- WORK TO BE COMPLETED: For the data that follows, report how many lines contain the word "Bench", and nothing else.

- RECORD EXCERPTS:
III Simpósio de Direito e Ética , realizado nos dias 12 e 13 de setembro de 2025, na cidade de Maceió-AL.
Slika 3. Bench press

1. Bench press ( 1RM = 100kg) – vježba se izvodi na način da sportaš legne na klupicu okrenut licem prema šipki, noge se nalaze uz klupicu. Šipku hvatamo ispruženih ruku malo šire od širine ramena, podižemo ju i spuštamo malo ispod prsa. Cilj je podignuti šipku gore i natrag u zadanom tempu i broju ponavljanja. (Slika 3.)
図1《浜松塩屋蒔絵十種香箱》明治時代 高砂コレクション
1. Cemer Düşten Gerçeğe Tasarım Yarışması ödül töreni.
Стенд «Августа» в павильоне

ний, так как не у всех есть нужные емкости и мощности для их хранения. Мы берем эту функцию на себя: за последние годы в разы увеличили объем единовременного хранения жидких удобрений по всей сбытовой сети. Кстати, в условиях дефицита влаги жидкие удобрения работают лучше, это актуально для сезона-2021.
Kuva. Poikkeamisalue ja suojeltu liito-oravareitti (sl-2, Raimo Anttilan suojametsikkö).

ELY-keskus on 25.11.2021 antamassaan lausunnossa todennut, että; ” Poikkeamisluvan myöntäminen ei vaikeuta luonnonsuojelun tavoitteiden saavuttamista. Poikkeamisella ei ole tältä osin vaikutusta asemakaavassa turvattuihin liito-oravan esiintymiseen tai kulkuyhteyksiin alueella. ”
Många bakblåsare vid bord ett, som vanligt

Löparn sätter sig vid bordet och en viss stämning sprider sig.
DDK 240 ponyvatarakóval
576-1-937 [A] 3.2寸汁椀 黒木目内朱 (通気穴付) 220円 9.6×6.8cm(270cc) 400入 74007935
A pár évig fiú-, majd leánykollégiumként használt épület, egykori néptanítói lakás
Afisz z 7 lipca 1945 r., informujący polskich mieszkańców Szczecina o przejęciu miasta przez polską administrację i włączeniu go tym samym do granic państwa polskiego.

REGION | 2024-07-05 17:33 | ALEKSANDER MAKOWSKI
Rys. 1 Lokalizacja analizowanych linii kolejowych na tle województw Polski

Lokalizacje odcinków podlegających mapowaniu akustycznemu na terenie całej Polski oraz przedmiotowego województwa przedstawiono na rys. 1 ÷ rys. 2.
* * *
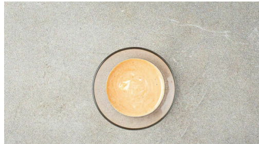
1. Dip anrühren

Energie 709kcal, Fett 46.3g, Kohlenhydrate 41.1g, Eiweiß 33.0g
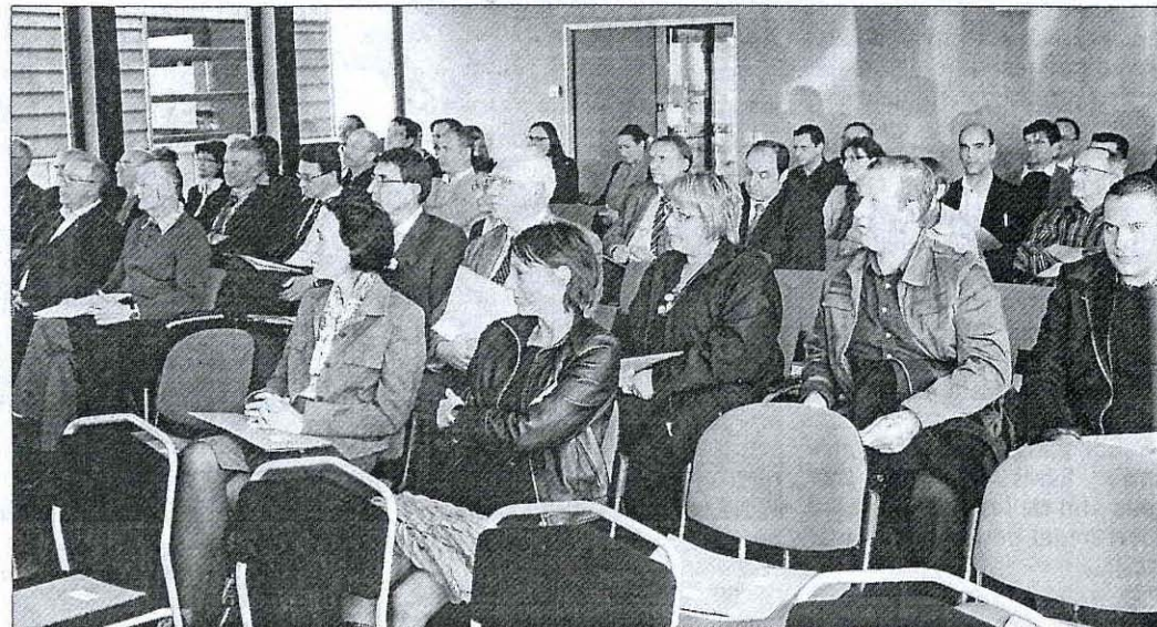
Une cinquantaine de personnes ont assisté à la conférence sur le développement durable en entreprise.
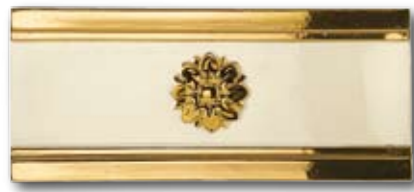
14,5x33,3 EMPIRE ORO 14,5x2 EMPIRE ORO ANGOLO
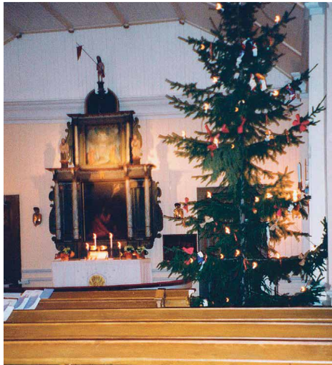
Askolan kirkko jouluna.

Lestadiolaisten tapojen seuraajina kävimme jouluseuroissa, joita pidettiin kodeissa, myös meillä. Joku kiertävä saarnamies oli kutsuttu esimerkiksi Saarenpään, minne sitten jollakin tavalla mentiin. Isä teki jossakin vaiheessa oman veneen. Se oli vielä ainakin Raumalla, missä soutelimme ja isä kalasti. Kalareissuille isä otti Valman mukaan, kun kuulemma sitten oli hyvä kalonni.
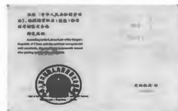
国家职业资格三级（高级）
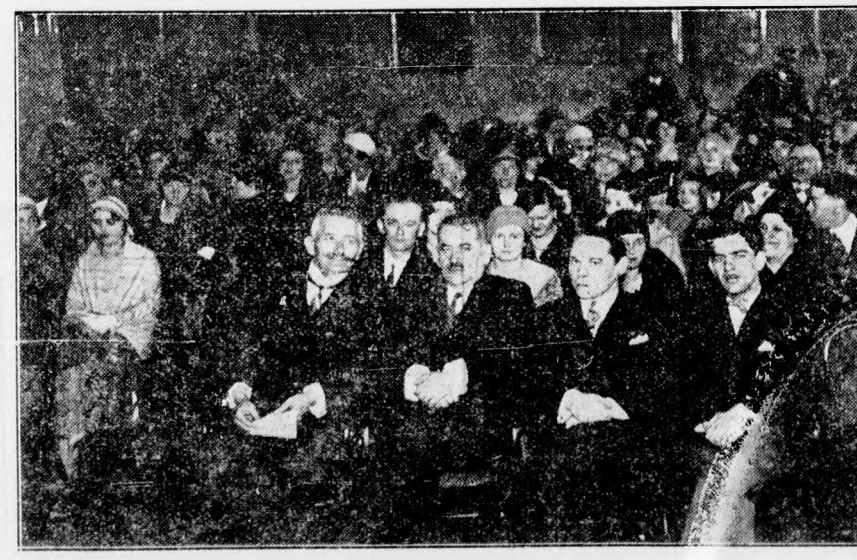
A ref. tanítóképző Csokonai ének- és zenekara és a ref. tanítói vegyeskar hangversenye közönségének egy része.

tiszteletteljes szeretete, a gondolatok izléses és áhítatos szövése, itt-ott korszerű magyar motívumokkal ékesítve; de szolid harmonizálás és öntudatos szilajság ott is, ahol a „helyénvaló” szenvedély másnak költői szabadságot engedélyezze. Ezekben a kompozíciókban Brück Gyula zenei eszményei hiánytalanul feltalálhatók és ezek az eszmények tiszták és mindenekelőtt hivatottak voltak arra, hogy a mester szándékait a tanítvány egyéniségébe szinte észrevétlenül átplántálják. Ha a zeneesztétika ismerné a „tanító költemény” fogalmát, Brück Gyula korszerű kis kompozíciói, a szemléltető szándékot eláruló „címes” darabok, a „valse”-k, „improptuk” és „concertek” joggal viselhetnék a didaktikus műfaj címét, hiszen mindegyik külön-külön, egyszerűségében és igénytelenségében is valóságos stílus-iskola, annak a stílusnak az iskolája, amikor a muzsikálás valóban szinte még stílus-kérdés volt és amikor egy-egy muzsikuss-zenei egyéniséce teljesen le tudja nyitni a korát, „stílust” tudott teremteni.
==
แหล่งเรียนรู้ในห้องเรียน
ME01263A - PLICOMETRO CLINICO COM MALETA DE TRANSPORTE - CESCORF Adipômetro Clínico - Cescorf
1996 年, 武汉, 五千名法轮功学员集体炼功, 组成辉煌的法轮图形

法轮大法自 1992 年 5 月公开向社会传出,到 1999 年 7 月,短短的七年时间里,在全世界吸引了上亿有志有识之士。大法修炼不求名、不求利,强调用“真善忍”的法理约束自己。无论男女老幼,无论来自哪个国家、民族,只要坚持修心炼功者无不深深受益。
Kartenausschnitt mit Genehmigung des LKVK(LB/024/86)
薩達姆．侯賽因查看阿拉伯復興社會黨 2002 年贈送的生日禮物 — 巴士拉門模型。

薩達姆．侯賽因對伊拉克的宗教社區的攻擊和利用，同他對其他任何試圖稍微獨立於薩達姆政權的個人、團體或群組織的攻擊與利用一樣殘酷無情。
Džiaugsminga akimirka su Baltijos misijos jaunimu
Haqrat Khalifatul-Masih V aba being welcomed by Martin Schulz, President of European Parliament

- TASK SOLUTION: 2